A great many contradictory predictions about the future of pharma manufacturing have been put out into the universe. Some forecasting focuses on looming serialization compliance requirements and their potentially negative impact on packaging and supply chain operations. Others highlight the bright side and focus on the potential impact of emerging technologies, such as the Internet of Things (IoT), artificial intelligence (AI), machine learning (ML) and blockchain.
Of course, the future will vary company to company. Much will depend on the operational strategies chosen — whether these decisions be conscious or subconscious.
Digital vs. Traditional Factory
Let’s explore the differing results that may ensue if companies take a digital versus traditional approach to problem solving for various business challenges. We’ll call these approaches “Digital Factory” and “Traditional Factory,” and imagine five scenarios played out five years into the future, in 2023.
I will highlight the vastly improved results that I predict for those who choose a digital approach. It is my firm belief that with the accelerated rate of change in digital technologies, and the enablement of track and trace infrastructure, a “Digital Factory” approach will result in massive improvements in data availability, visibility and decision-making mechanisms.
Scenario 1: Bidding on a New Business Opportunity
Case Study: A new RFP is received from a major customer looking to select a new CMO partner to produce a high-volume product portfolio, which could increase current demand volume by 30 percent.
Traditional Factory: Management assumes it can fulfill demand without a realistic capacity or cost analysis. Previous RFP submissions are leveraged to benchmark the best price quote, and a final offer is submitted with adjustments to these benchmarks based on management’s subjective comments on the negotiation power of the customer and his expectations. If the business is won, the management team struggles to meet demand at all costs.
Digital Factory: Product and volume mix of new business is used in the existing digital capacity model to precisely know the capability to supply, together with implications on internal costs such as additional staff needs, shift restructuring, batch-size driven OEE assumptions, etc. After a realistic cost/supply-side analysis is performed, a reasonable price proposal is estimated based on target gross/net margin assumptions. Multiple scenario analysis is conducted on various volume vs. price points to determine the right negotiation strategy. If the business is won, the management team knows exactly what to do to adjust operational parameters.

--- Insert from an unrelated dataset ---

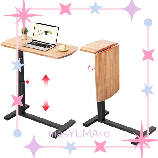 ■サイドテーブル 昇降式デスク高さ64-93.2CM 在宅ワーク PCデスク幅80CM 高さ無段階調節 介護用 ベッドテーブル (折畳み, 木の色)

Scenario 2: Handling a Crisis — Facing Potential Loss of a Major Customer
Case Study: CMO’s largest customer is approached by an alternative supplier and must make a major decision regarding whether or not to transfer 50 percent of its business.
Traditional Factory: Management tries to keep the customer’s volume by offering price discounts and other incentives. If the loss is final, management takes reactive actions to introduce severe “across-the-board” cost-cutting to direct and indirect labor and spending to manage this existential threat.
Digital Factory: Using its digital toolkit, management analyzes various “what if?” scenarios of lost volume/revenue in real-time, and quickly ascertains the most suitable strategic operational response. Sales and Operations Planning executives utilize data analytics to oversee the decision making process, calculating outcomes to key metrics such as profitability, and determining the appropriate set of cost-cutting initiatives based on root-cause-analysis and the estimated extent of impact to various business segments.
Scenario 3: Capital Expenditure and Investment
Decisions for Capacity Expansion
Case Study: After two years of steady growth in business volume, management decides to expand capacity by building a new facility or expanding current facility capacity.
Traditional Factory: Management decides to buy additional equipment immediately, based on the expectation that the volume growth will sustain and require new capacity in the long term. If the capital expenditure (CAPEX) is limited, management will try to maximize overtime labor, creating a high-cost operational setting to meet the capacity needs.
Digital Factory: Management analyzes the need to add new equipment (or a new site) under various business volume and efficiency scenarios, maximizing the throughput on existing equipment under various shift schedules, and undertakes new CAPEX investment only if truly necessary. Digital analyses highlight bottlenecks on capacity; based on this data, investmest is made in solutions to target these bottlenecks, minimizing capital expenditures while maximizing capacity for a balanced cost/capacity framework.
Scenario 4: Demand/Supply Balancing
Case Study: High volatility of customer orders requires significant over-time labor cost, so management decides to look at staffing levels and contingent labor strategy.
Traditional Factory: Management hires more labor on a contingent basis and/or asks current staff to work overtime during third shift or weekend shifts. Both scenarios create a high-cost structure, and while the overall utilization stays low, costs go up to manage volatility of customer orders.